Resolution 148-2010
SOLID WASTE MANAGEMENT
RESOLUTION NO. 148- 2010
A RESOLUTION OF THE BOARD OF COMMISSIONERS OF
MONROE COUNTY FLORIDA, AUTHORIZING THE SUBMISSION
OF THE CONSOLIDATED SMALL COUNTY SOLID
WASTE MANAGEMENT GRANT APPLICATION TO THE FLORIDA
DEPARTMENT OF ENVIRONMENTAL PROTECTION (DEP)

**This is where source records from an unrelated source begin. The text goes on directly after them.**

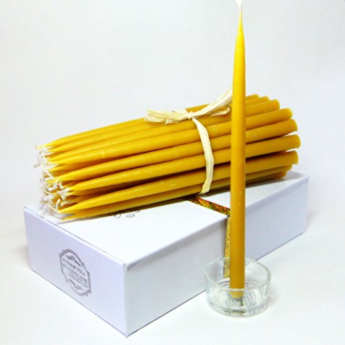 Set includes 36 candles, the guidelines for using a beeswax candle, porcelain candle holder, a pen with inscription, white cardboard Box 8 9/16 x 2 3/4 x 5 inches
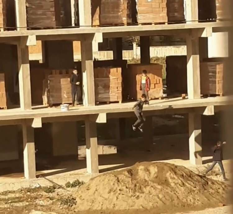 Olay, Yeni Mahalle'de inşaat halindeki bir binada meydana geldi. 5 çocuk, güvenlik önlemi alınmayan inşaata girip oyun oynamaya başladılar. Oyun sırasında 2. kattan kendilerini boşluğa bırakan çocuklar, kum yığını üzerine düştüler. Çocukların tehlikeli oyunu amatör kameraya saniye saniye yansıdı.
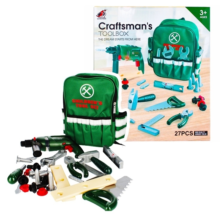 Obsah sady: batoh, šroubovák, prodlužovací rameno na šroubovák, dvě desky, ruční pilka, kladivo, klíč, kleště, vodováha, míra, šroubovák, 2 nástrčné šroubováky, 4 šrouby, 4 matice. Vše je vyrobeno z plastu a materiálu.

FOR FISCAL YEAR 2010/2011.
WHEREAS, Florida Department of Environmental Protection has announced the
application deadline of July 1, 2010, for the Consolidated Small County Solid Waste
Management Grant, now therefore:
BE IT RESOLVED BY THE BOARD OF COUNTY COMMISSIONERS OF MONROE
COUNTY, FLORIDA, that:
1. The Monroe County Solid Waste Management Department has approval to submit the
Consolidated Small County Solid Waste Management Grant to the Florida Department of
Environmental Protection, and that;
2. The Board authorizes the Mayor to have signature authority on the Department of
Environmental Protection grant application and agreement, and authorizes the County
Administrator, or Deputy Administrator, to have signature authority on payment request,
and that;
3. This resolution shall go into effect immediately upon its passage and adoption and
authentication by the signatures of the presiding Officer and Clerk of the Court.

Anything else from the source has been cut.